▶ _Task goal_: For this exercise, retype the lines from the one that holds "Illustrations by Maja" through the one that holds "Cá được thương" in the records below, both included, exactly and without pictures.

▶ _Records to use_:
------------------------------------------------

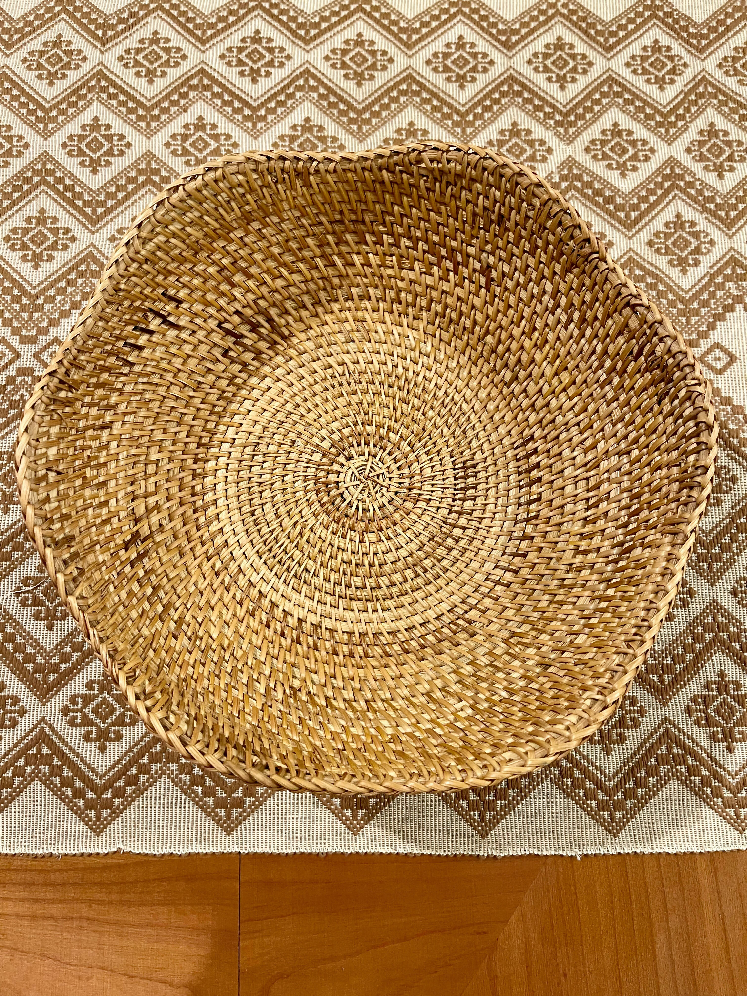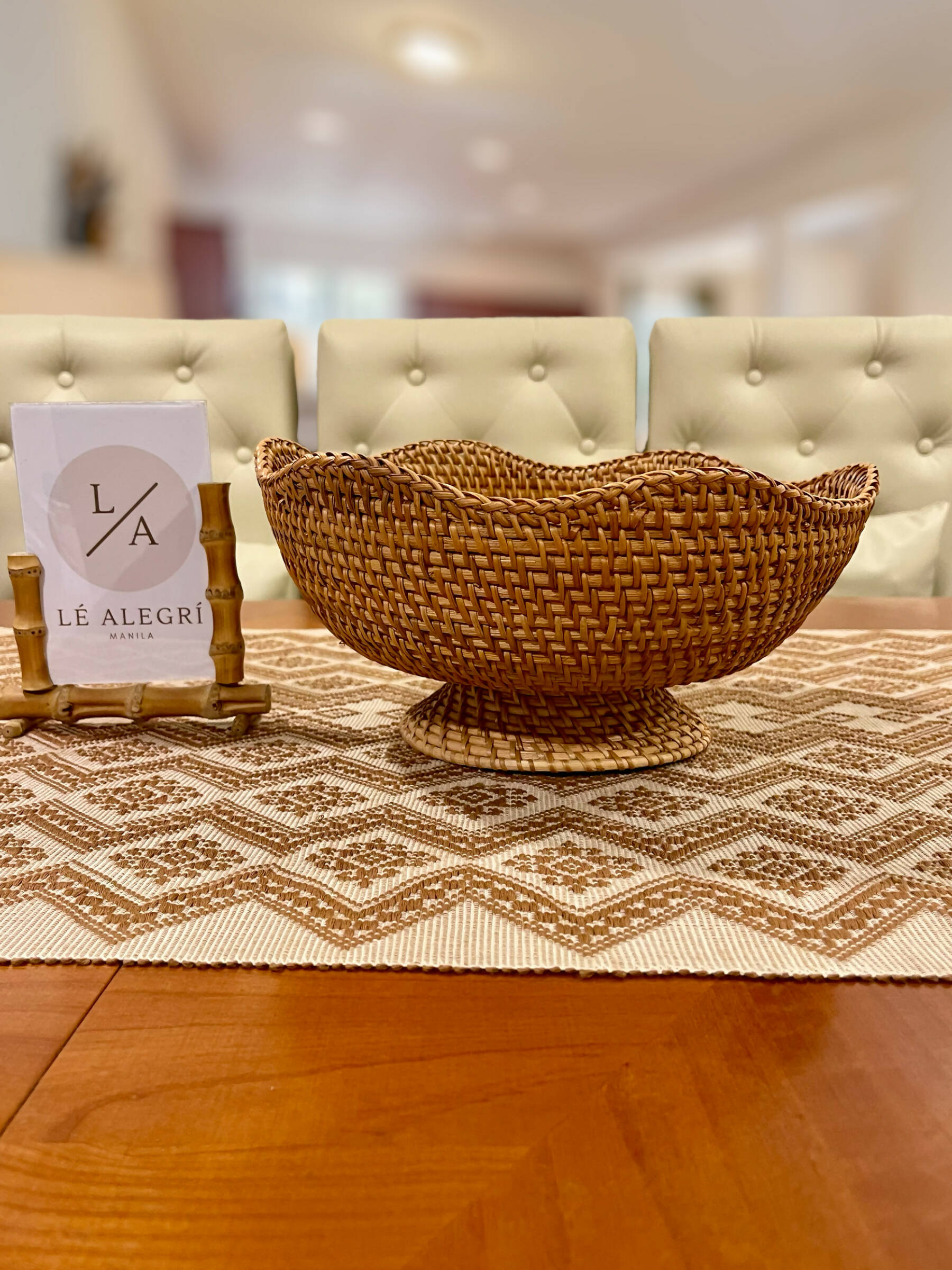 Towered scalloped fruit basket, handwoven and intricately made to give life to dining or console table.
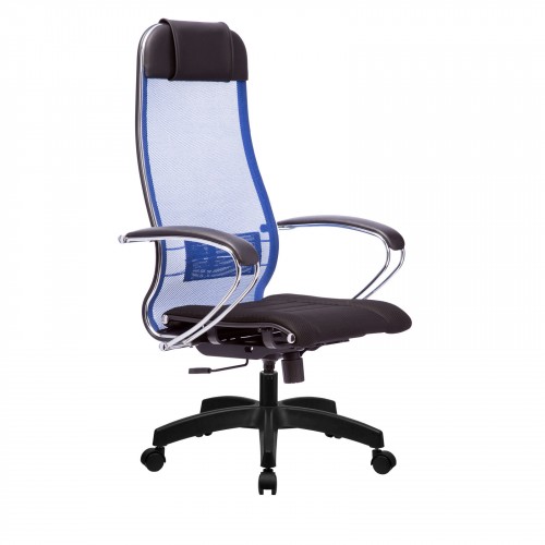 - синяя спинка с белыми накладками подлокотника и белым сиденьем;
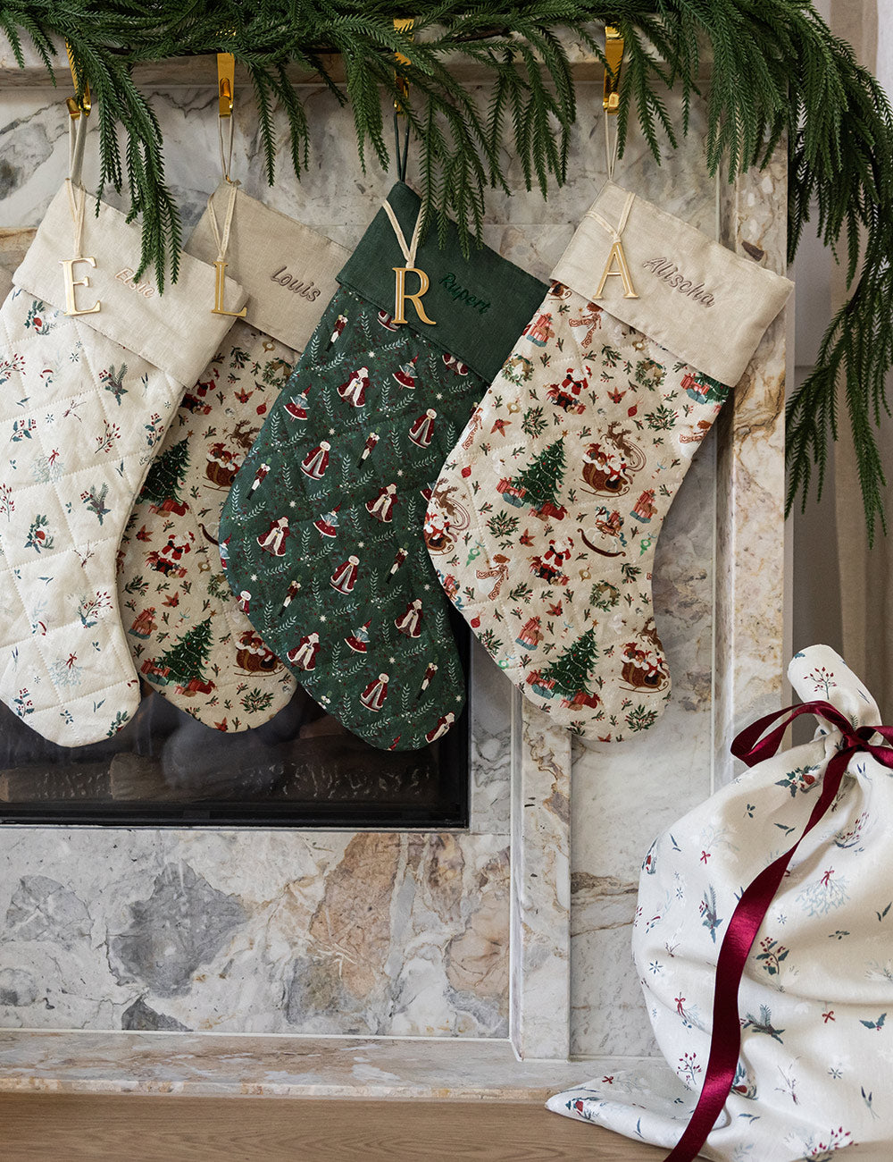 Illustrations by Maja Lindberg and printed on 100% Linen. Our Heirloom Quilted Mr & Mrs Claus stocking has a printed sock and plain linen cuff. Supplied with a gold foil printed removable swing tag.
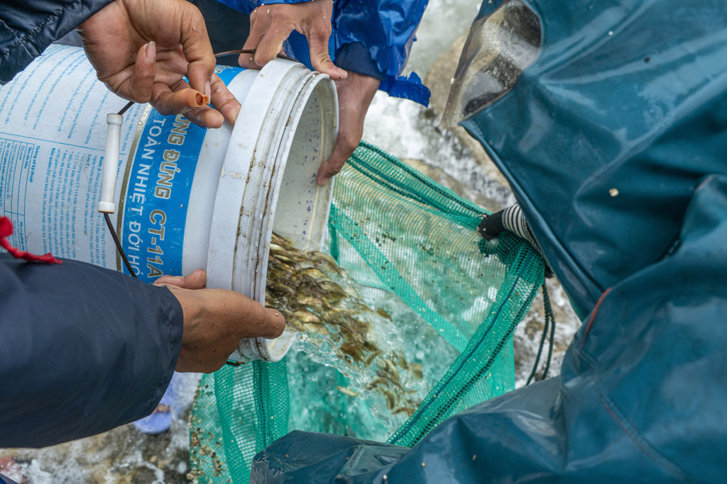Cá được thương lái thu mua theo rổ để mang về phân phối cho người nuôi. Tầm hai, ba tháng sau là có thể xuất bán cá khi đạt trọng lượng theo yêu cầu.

------------------------------------------------

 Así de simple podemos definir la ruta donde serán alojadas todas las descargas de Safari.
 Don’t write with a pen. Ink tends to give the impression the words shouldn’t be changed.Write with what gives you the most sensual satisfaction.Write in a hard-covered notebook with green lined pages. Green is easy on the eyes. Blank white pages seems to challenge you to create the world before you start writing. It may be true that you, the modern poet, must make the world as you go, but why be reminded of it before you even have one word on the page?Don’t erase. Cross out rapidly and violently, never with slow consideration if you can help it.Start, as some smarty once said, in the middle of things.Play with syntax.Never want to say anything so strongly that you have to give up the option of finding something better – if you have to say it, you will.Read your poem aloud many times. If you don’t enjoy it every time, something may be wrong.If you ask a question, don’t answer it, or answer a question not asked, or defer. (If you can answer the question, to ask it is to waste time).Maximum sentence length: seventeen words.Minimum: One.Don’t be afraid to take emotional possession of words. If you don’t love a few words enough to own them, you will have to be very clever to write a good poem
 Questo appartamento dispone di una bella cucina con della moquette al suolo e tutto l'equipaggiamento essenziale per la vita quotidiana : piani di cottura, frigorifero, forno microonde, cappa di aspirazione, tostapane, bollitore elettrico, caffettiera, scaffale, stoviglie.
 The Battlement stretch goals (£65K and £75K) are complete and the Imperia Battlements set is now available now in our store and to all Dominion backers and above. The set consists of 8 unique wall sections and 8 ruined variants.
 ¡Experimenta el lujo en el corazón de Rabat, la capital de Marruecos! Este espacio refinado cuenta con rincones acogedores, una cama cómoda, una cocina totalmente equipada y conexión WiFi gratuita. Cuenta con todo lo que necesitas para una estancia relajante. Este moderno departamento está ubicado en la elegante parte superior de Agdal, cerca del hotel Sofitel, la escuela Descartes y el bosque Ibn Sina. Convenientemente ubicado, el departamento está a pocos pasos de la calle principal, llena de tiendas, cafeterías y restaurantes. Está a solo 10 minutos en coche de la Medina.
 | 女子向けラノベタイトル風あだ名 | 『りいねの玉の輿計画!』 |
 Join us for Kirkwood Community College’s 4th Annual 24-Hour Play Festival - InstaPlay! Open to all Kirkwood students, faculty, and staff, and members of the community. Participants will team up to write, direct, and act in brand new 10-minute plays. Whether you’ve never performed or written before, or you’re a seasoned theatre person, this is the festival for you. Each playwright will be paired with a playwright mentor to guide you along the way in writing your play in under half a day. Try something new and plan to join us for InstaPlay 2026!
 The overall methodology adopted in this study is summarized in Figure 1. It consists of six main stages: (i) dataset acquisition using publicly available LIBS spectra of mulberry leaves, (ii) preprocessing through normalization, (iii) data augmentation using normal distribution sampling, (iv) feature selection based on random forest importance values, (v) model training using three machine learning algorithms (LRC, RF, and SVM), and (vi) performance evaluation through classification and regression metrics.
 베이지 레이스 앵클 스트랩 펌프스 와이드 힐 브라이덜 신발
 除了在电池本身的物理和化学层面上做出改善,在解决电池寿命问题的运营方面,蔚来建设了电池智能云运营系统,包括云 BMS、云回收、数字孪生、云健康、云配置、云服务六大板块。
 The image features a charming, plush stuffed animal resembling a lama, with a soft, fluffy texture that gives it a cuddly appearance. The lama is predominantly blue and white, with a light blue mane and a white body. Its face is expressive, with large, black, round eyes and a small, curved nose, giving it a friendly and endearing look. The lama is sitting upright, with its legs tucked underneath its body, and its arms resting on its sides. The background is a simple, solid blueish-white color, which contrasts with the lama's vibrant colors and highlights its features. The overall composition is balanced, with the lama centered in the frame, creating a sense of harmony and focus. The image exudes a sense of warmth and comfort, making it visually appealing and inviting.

------------------------------------------------

▶ _Response to this task_:
 Illustrations by Maja Lindberg and printed on 100% Linen. Our Heirloom Quilted Mr & Mrs Claus stocking has a printed sock and plain linen cuff. Supplied with a gold foil printed removable swing tag.
Cá được thương lái thu mua theo rổ để mang về phân phối cho người nuôi. Tầm hai, ba tháng sau là có thể xuất bán cá khi đạt trọng lượng theo yêu cầu.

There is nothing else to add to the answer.